Additional note: I did strace the execution of /usr/sbin/rpc.idmapd while looking for the problem here and can see rpc.idmap sending a request to sssd to look for user "turn] files\0". So it seems like printf is doing exactly what it is supposed to do but rpc.idmapd is really confused about the name of nfsnobody (or nobody) and extracting the name from /etc/nsswitch.conf for some reason.
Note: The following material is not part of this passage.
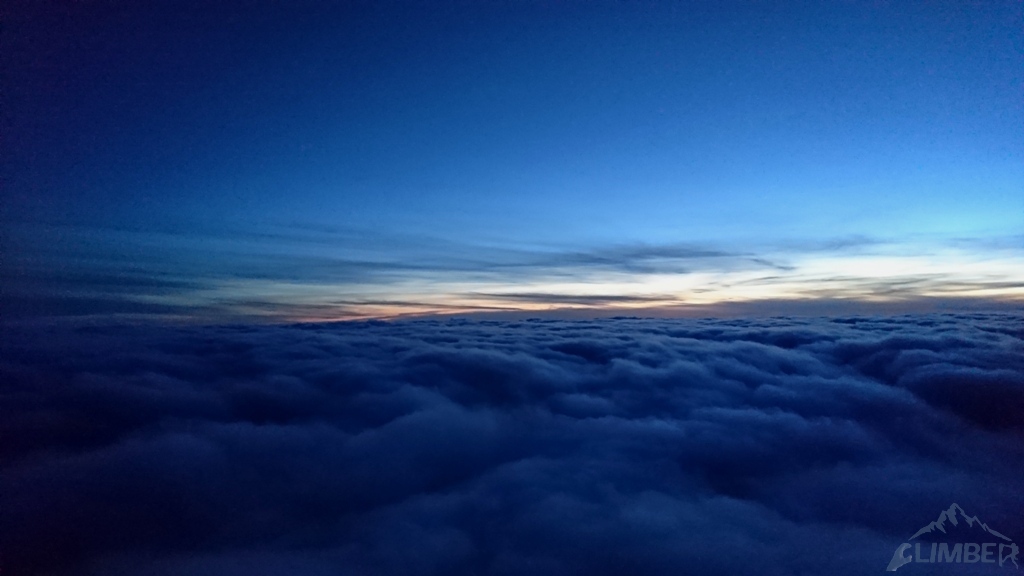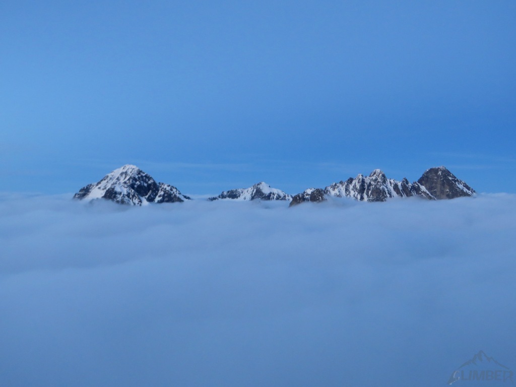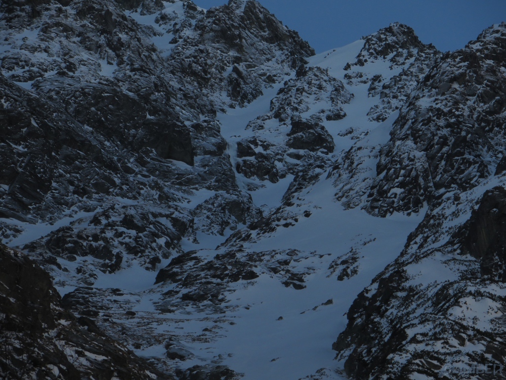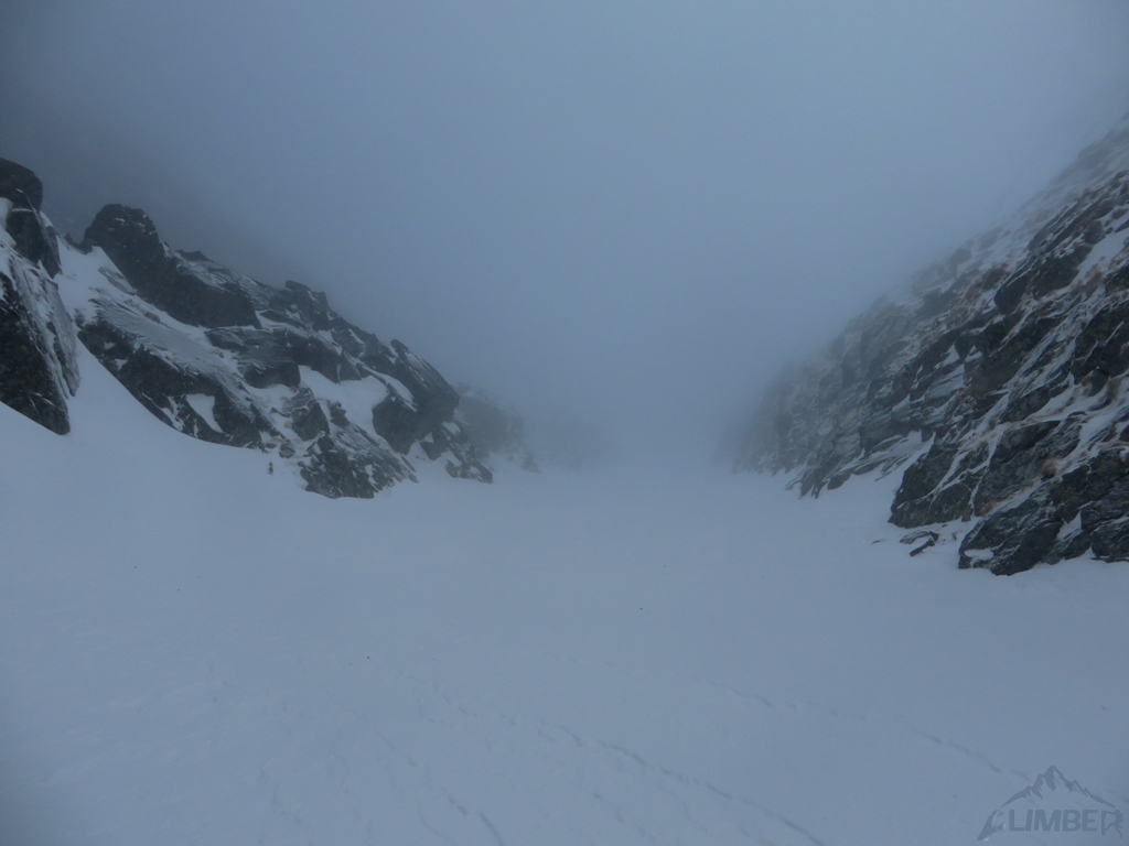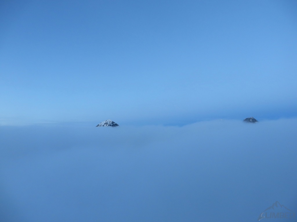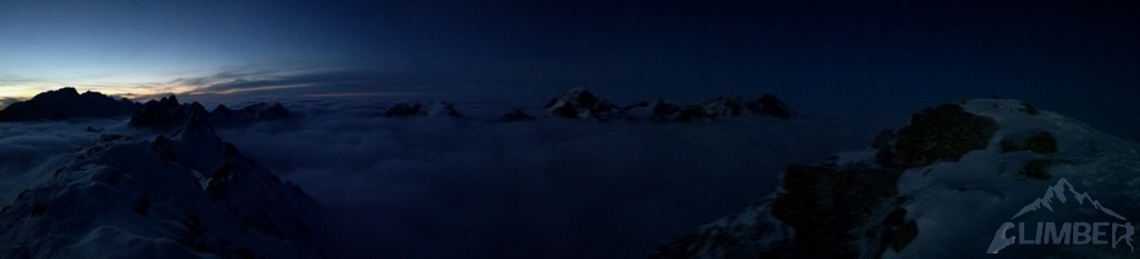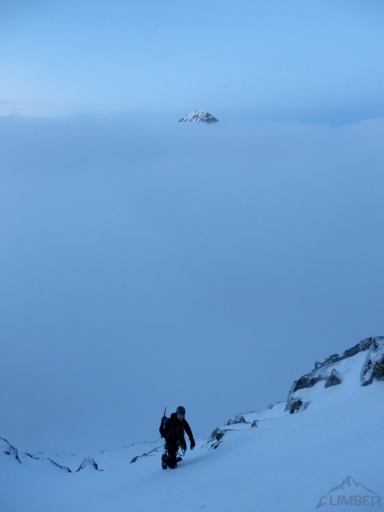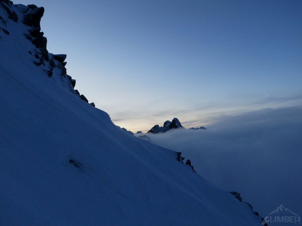 Ponownie chowamy liny do plecaków i ruszamy dalej, góra żlebu jest mocno zasypana, na szczęście śnieg nie trzyma tylko miejscami. Po wyjściu ze żlebu, tuż przed zmrokiem, wchodzimy w dobrze związany śnieg w depresji pomiędzy skałami, która wyprowadza nas prosto na wierzchołek Sławkowskiego Szczytu. Na ostatnich metrach zatrzymujemy się co chwilę podziwiając morze chmur pod nami i wystające dookoła wierzchołki najwyższych szczytów. Dodatkowo mocno nas to rozbawia bo Mariusz rano mówił, że marzy by kiedyś w zimie znaleźć się na wysokim szczycie, gdy wszystko wokół skąpane będzie w chmurach. Zamówienie zrealizowane 😉.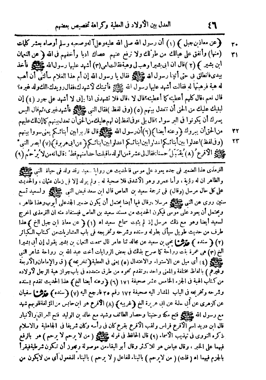 (عن معاذ بن جبل) (1) أن رسول الله صلى الله عليه وعلى آله وصحبه وسلم أوصاه بعشر كلمات (منها) وأنفق على عيالك من طولك ولا ترفع عنهم عصاك أدبا وأخفهم في الله (عن النعمان ابن بشير) (2) قال ان ابي بشيرا وهب لي وهبة فقالت أمي (3) أشهد عليها رسول الله صلى الله عليه وسلم فأخذ بيدي فانطلق بي حتى أتينا رسول الله صلى الله عليه وسلم فقال يا رسول الله إن أم هذا الغلام سألتني أن أهب له هبة فوهبتها له فقالت أشهد عليها رسول الله صلى الله عليه وسلم فأتيتك لأشهدك فقال رويدك الك ولد غيره؟ قال نعم قال كلهم أعطيته كما أعطيته؟ قال لا قال فلا تشهدني إذا إني لا أشهد على جور (4) إن لبنيك عليك من الحق أن تعدل بينهم (5) (وفي لفظ آخر) فقال النبي صلى الله عليه وسلم فأشهد غيري ثم قال اليس يسرك أن يكونوا في البر سواء؟ قال بلى وفي لفظ إن لهم عليك من الحق أن تعدل بينهم كما إن لك عليهم من الحق أن يبروك (وعنه أيضا) (6) أن رسول الله صلى الله عليه وسلم قال قاربوا بين أبنائكم يعني سووا بينهم (وفي لفظ) اعدلوا بين أبنائكم اعدلوا بين ابنائكم اعدلوا بين ابنائكم (عن أبي هريرة) (7) ابصر النبي صلى الله عليه وسلم الأقرع (8) يقبل حسنا فقال لي عشرة من الولد ما قبلت أحدا منهم قط قال أنه من لا يرحم (9)

Here from the strace: [pid 11282] connect(5, {sa_family=AF_UNIX, sun_path="/var/lib/sss/pipes/nss"}, 110) = 0 [pid 11282] fstat(5, {st_mode=S_IFSOCK|0777, st_size=0, ...}) = 0 [pid 11282] poll([{fd=5, events=POLLOUT}], 1, 300000) = 1 ([{fd=5, revents=POLLOUT}]) [pid 11282] sendto(5, "\24\0\0\0\1\0\0\0\0\0\0\0\0\0\0\0", 16, MSG_NOSIGNAL, NULL, 0) = 16 [pid 11282] poll([{fd=5, events=POLLOUT}], 1, 300000) = 1 ([{fd=5, revents=POLLOUT}]) [pid 11282] sendto(5, "\1\0\0\0", 4, MSG_NOSIGNAL, NULL, 0) = 4 [pid 11282] poll([{fd=5, events=POLLIN}], 1, 300000) = 1 ([{fd=5, revents=POLLIN}]) [pid 11282] read(5, "\24\0\0\0\1\0\0\0\0\0\0\0\0\0\0\0", 16) = 16 [pid 11282] poll([{fd=5, events=POLLIN}], 1, 300000) = 1 ([{fd=5, revents=POLLIN}]) [pid 11282] read(5, "\1\0\0\0", 4) = 4 [pid 11282] poll([{fd=5, events=POLLOUT}], 1, 300000) = 1 ([{fd=5, revents=POLLOUT}]) [pid 11282] sendto(5, "\34\0\0\0\21\0\0\0\0\0\0\0\0\0\0\0", 16, MSG_NOSIGNAL, NULL, 0) = 16 [pid 11282] poll([{fd=5, events=POLLOUT}], 1, 300000) = 1 ([{fd=5, revents=POLLOUT}]) [pid 11282] sendto(5, "turn] files\0", 12, MSG_NOSIGNAL, NULL, 0) = 12 [pid 11282] poll([{fd=5, events=POLLIN}], 1, 300000) = 1 ([{fd=5, revents=POLLIN}]) [pid 11282] read(5, "\30\0\0\0\21\0\0\0\0\0\0\0\0\0\0\0", 16) = 16 [pid 11282] poll([{fd=5, events=POLLIN}], 1, 300000) = 1 ([{fd=5, revents=POLLIN}]) [pid 11282] read(5, "\0\0\0\0\0\0\0\0", 8) = 8
(In reply to dag from comment #2) > Hi > > % id nobody nfsnobody > uid=99(nobody) gid=99(nobody) grupper=99(nobody),1011(nagiocmd),1021(video) > uid=65534(nfsnobody) gid=65534(nfsnobody) grupper=65534(nfsnobody) > Well when I do a 'id nobody nfsnobody' I get uid=65534(nobody) gid=65534(nobody) groups=65534(nobody) id: 'nfsnobody': no such user which is expected. A while back the systemd folks wanted the 65534 uid to be nobody instead of nfsnobody. I assumed since the actually uid didn't change and only the name things would not break... maybe that is not the case. The question is where the "turn] files" is coming from. Looking at the code the variable used to get the password info (which is failing), is set one of two ways via a static string ("nobody") or via the /etc/idmapd.conf (thru the [Mapping] section). I'm assuming nothing has changed in idmapd.conf... Out of curiosity here is the latest f31 nfs-utils build https://koji.fedoraproject.org/koji/taskinfo?taskID=50510306 Would you mind giving that a run to see if the problem still exists?
No, I did not change /etc/idmap.conf between the runs. Downloaded f31 nfs-utils candidate and this one fails in a more reasonable way, but still fails: % ./rpc.idmapd -f -vvv rpc.idmapd: Could not find user "" Has the syntax of idmap.conf changed?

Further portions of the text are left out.